In the Township of Langley, an evacuation alert has been issued for "the low lying unprotected areas" in Northwest Langley, Fort Langley and Glen Valley. The number of properties is not indicated but a map has been provided. In addition, the township says notices will be hand-delivered to affected properties.

In Abbotsford, 20 properties in the Glen Valley area have been placed on alert, with residents urged to start preparing for the possibility of an order to leave being issued.

"Residents will be given as much advance notice as possible prior to evacuation; however, you may receive limited notice due to changing conditions," the alert says.

Further east, the threat of flooding from the Harrison River has prompted an alert for 40 properties in the Harrison Mills area. Sand and sandbags are available to people in the area.

The Fraser Valley Regional District's Emergency Operations Centre has been activated.

"The Fraser Valley Regional District is notifying residents about high river levels this week and into the Canada Day long weekend," an update Monday said, noting the potential for flooding of both the Fraser and Harrison rivers.

"The FVRD cautions residents living in floodplain areas, especially those not protected by dikes, to monitor water levels and keep away from river edges and shorelines. During periods of high flow, river banks may be unstable and more prone to sudden collapse."
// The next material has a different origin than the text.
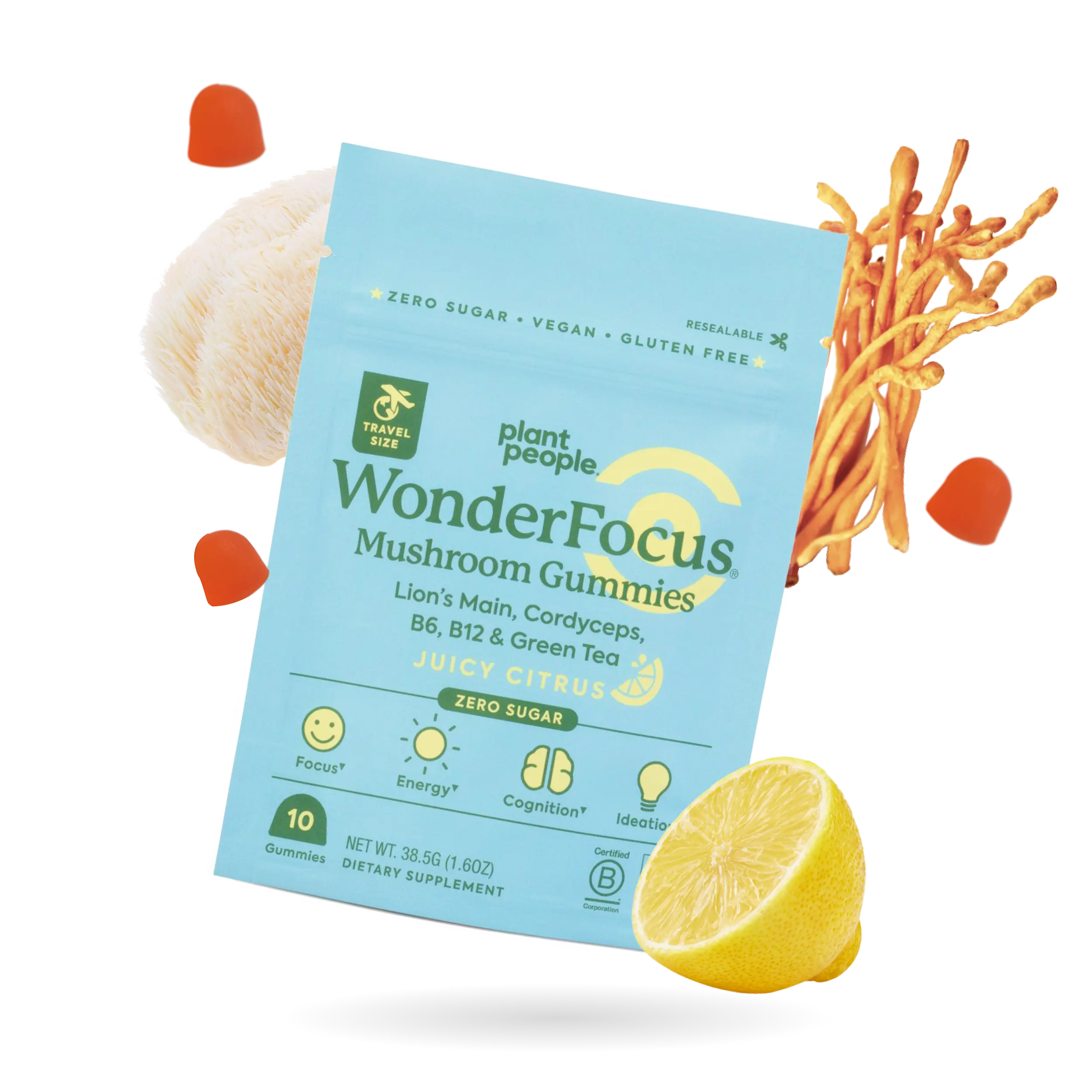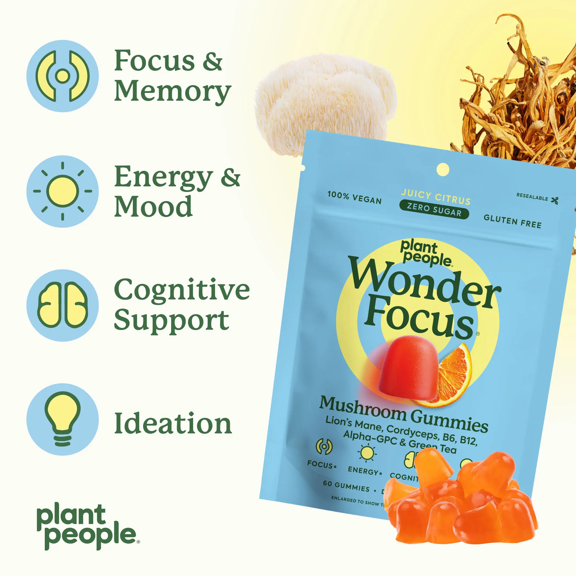 Made with Lion's Mane, Cordyceps, B6, B12, Green Tea (75mg of caffeine) & Alpha-GPC. 60 gummies per pouch. 30-day supply.
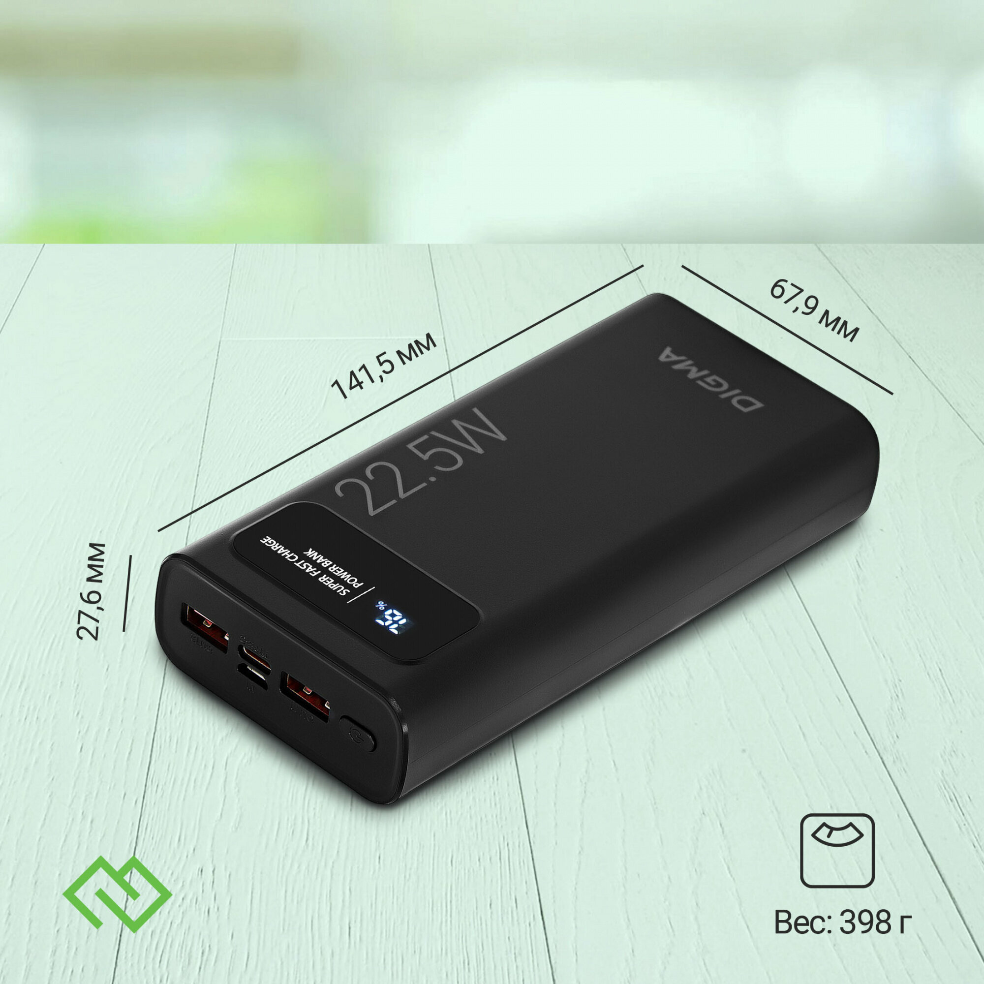 Аккумулятор внешний портативный Digma 20000mAh QC3.0/PD3.0 22.5W 3A 2xUSB-A/USB-C черный DGPF20A

Elsewhere in the province, severe thunderstorm watches cover a huge strip of the central and southern interior – from the Bulkley Valley south to the Okanagan and Elk Valley.

The unsettled weather, which could include strong winds, hail and torrential rain, has prompted the River Forecast Centre to issue a high streamflow advisory for waterways east of Vernon, Kelowna and Penticton.

It says conditions in Okanagan creeks are relatively high due to delayed snowmelt and recent heavy rain, and sudden rises or flooding are possible in response to downpours.

Thunderstorm watches also cover the area east of Williams Lake where sections of the Quesnel River remain under a flood warning.